Work to complete
Without including any images, please transcribe all the lines below exactly.

Information provided
▽

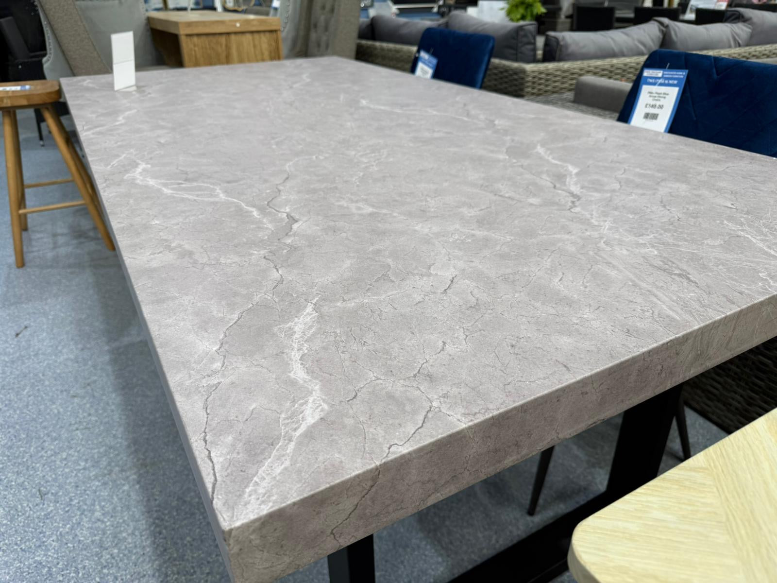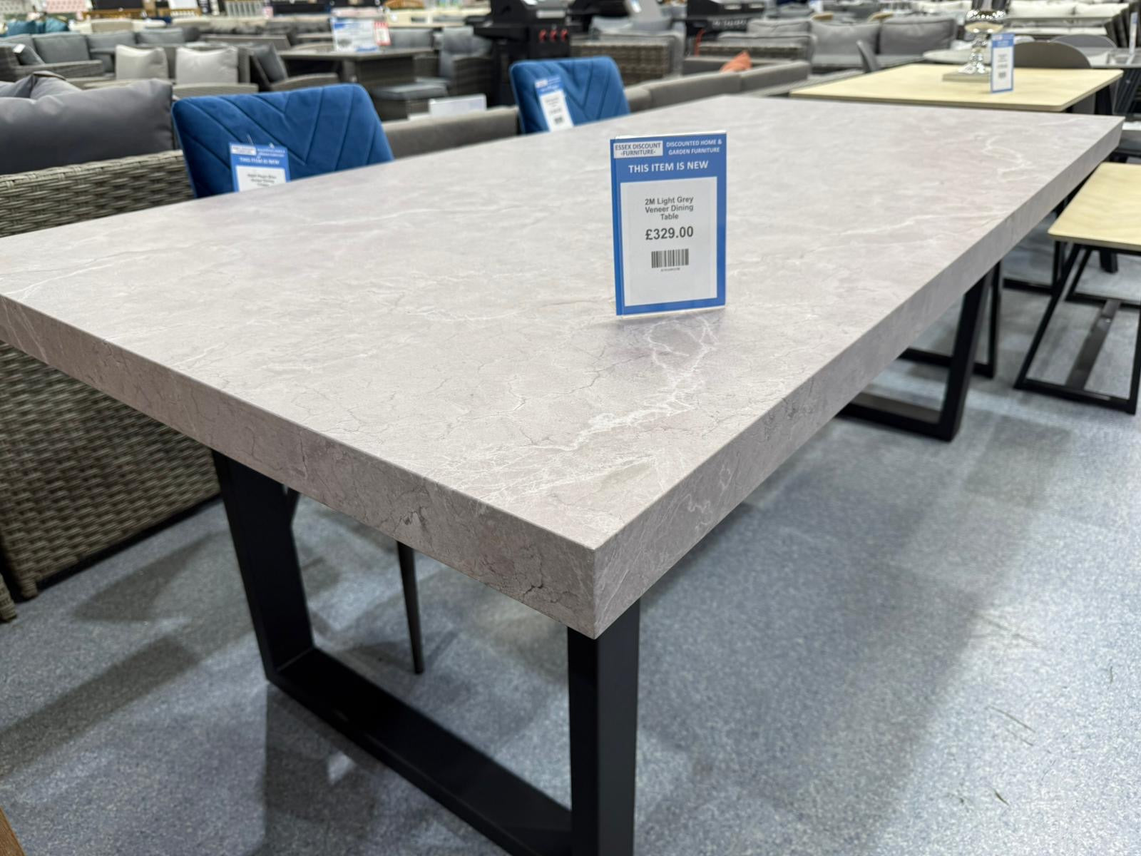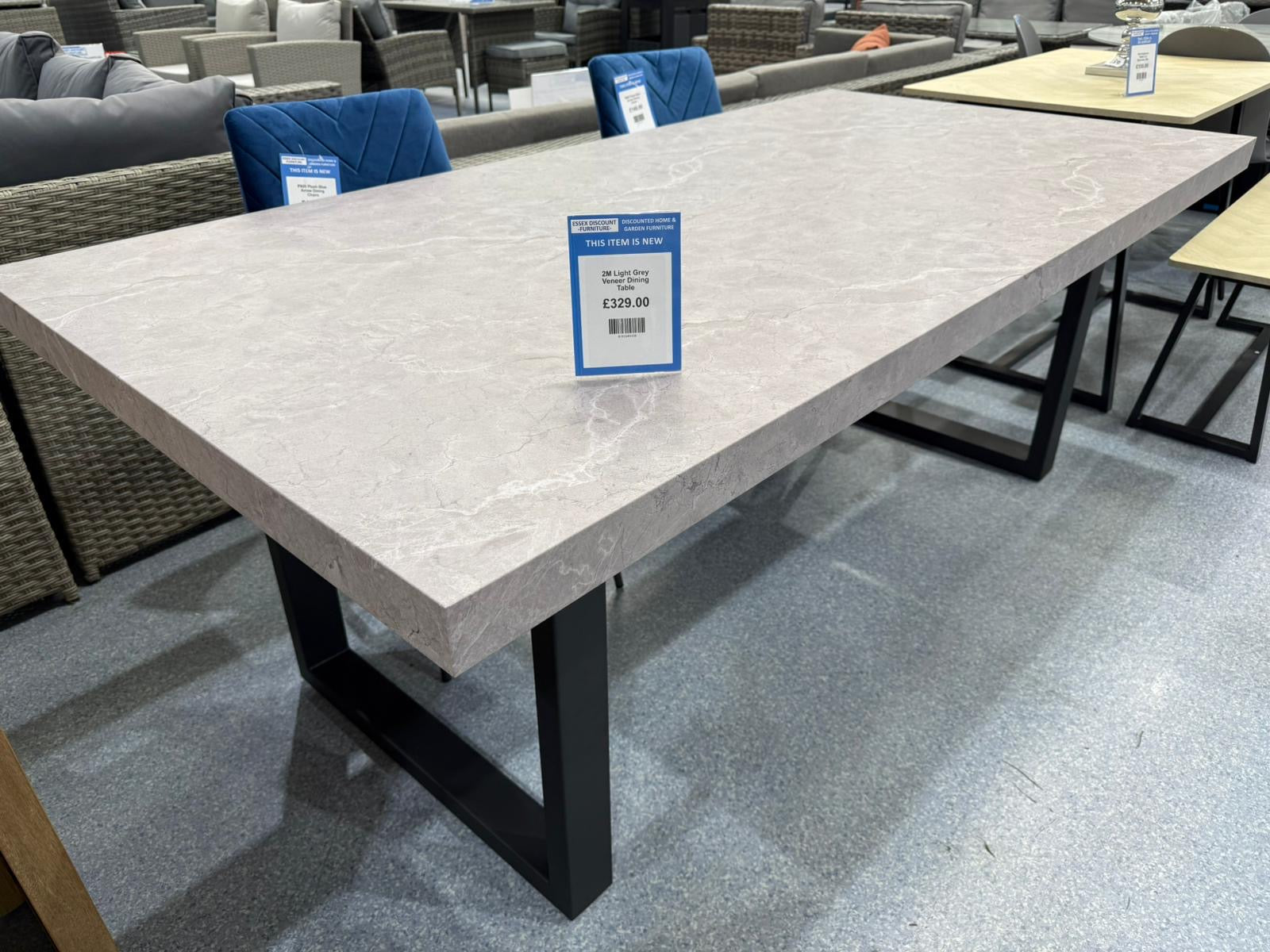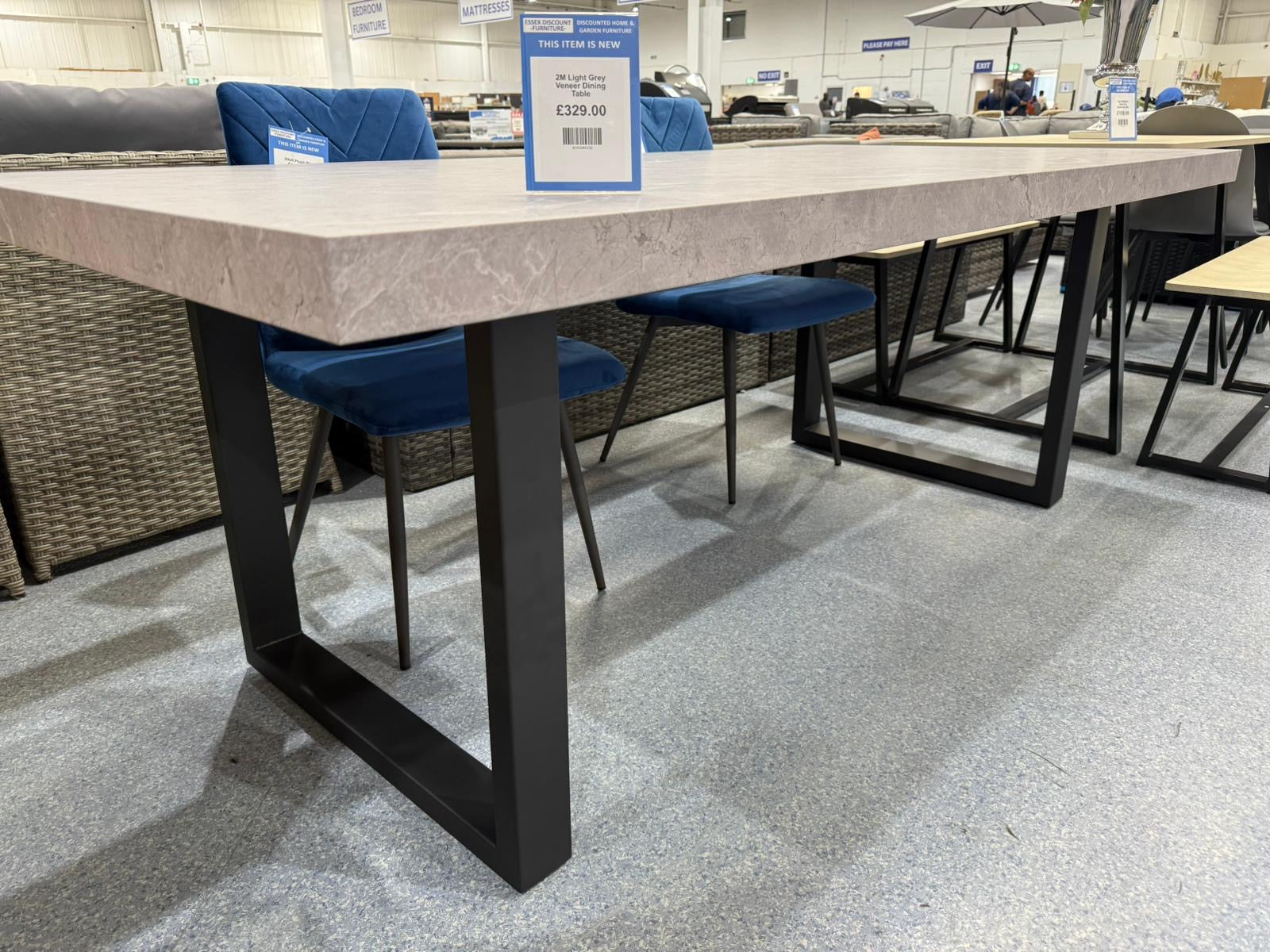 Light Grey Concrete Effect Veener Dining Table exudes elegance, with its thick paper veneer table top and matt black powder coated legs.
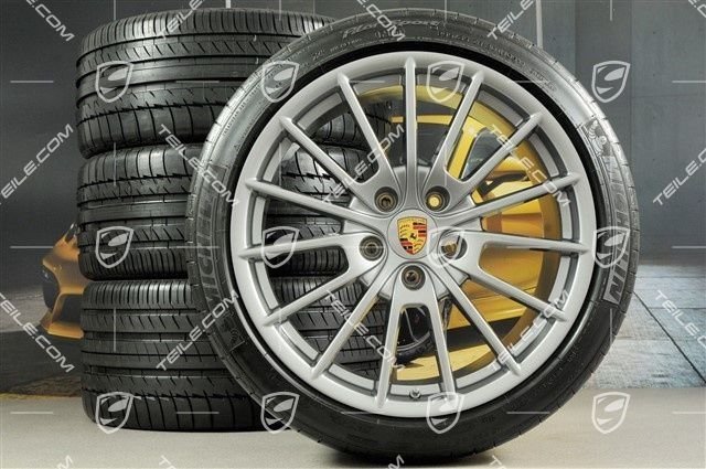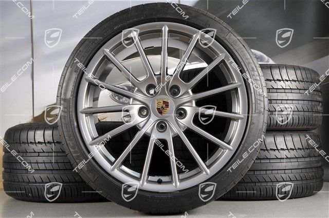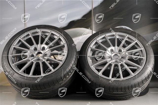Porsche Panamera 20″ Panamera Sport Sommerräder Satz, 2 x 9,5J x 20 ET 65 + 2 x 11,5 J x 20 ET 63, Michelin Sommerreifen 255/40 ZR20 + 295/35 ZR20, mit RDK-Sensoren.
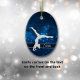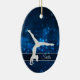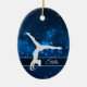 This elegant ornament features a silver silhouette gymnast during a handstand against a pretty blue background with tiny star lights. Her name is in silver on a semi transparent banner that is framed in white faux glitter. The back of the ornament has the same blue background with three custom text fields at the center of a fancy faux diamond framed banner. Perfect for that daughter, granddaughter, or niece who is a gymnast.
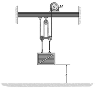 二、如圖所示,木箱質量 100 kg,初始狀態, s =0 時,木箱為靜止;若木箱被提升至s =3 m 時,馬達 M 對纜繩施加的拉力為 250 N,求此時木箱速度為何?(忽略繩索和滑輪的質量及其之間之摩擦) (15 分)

△

Reply to the task
 Light Grey Concrete Effect Veener Dining Table exudes elegance, with its thick paper veneer table top and matt black powder coated legs.
Porsche Panamera 20″ Panamera Sport Sommerräder Satz, 2 x 9,5J x 20 ET 65 + 2 x 11,5 J x 20 ET 63, Michelin Sommerreifen 255/40 ZR20 + 295/35 ZR20, mit RDK-Sensoren.
 This elegant ornament features a silver silhouette gymnast during a handstand against a pretty blue background with tiny star lights. Her name is in silver on a semi transparent banner that is framed in white faux glitter. The back of the ornament has the same blue background with three custom text fields at the center of a fancy faux diamond framed banner. Perfect for that daughter, granddaughter, or niece who is a gymnast.
 二、如圖所示,木箱質量 100 kg,初始狀態, s =0 時,木箱為靜止;若木箱被提升至s =3 m 時,馬達 M 對纜繩施加的拉力為 250 N,求此時木箱速度為何?(忽略繩索和滑輪的質量及其之間之摩擦) (15 分)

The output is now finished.